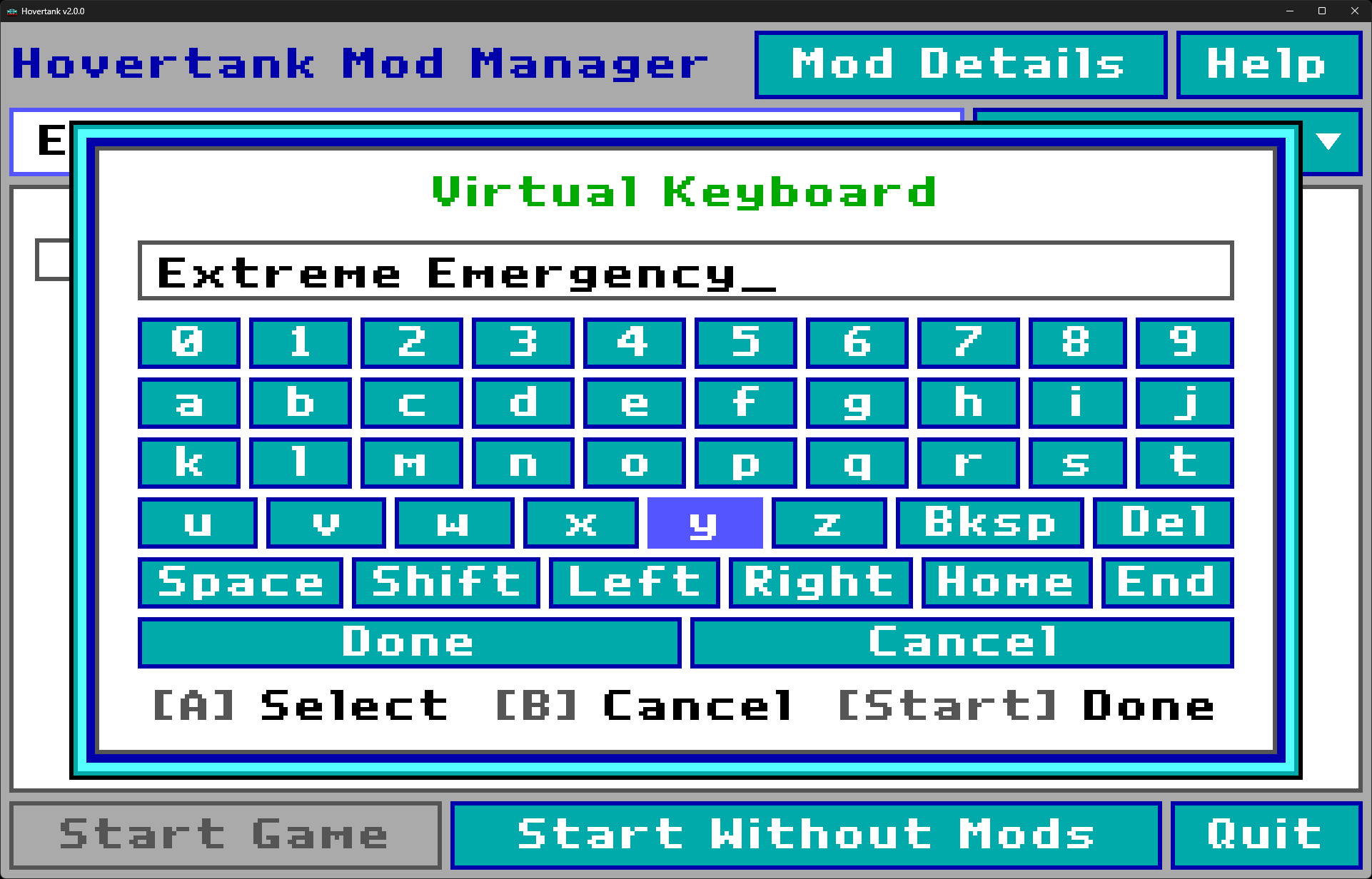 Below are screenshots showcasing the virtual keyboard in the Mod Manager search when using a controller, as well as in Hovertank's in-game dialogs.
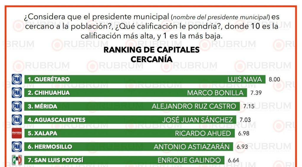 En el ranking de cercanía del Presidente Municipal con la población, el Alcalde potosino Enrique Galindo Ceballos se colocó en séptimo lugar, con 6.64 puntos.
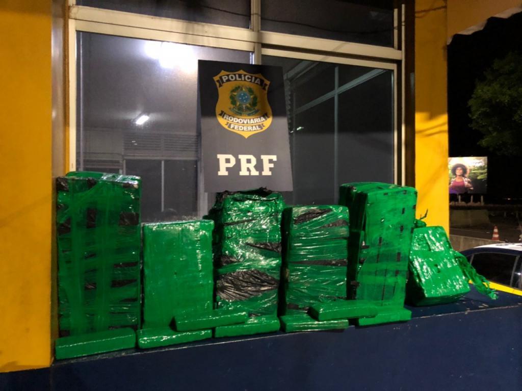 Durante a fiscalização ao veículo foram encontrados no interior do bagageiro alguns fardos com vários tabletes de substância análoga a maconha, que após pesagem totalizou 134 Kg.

----------------

* [WHAT YOU SHOULD DO]: What you return should be the exact lines from the one containing "En el ranking" through the end of the listing above, both included, minus any pictures.

* [EXERCISE OUTPUT]:
 En el ranking de cercanía del Presidente Municipal con la población, el Alcalde potosino Enrique Galindo Ceballos se colocó en séptimo lugar, con 6.64 puntos.
 Durante a fiscalização ao veículo foram encontrados no interior do bagageiro alguns fardos com vários tabletes de substância análoga a maconha, que após pesagem totalizou 134 Kg.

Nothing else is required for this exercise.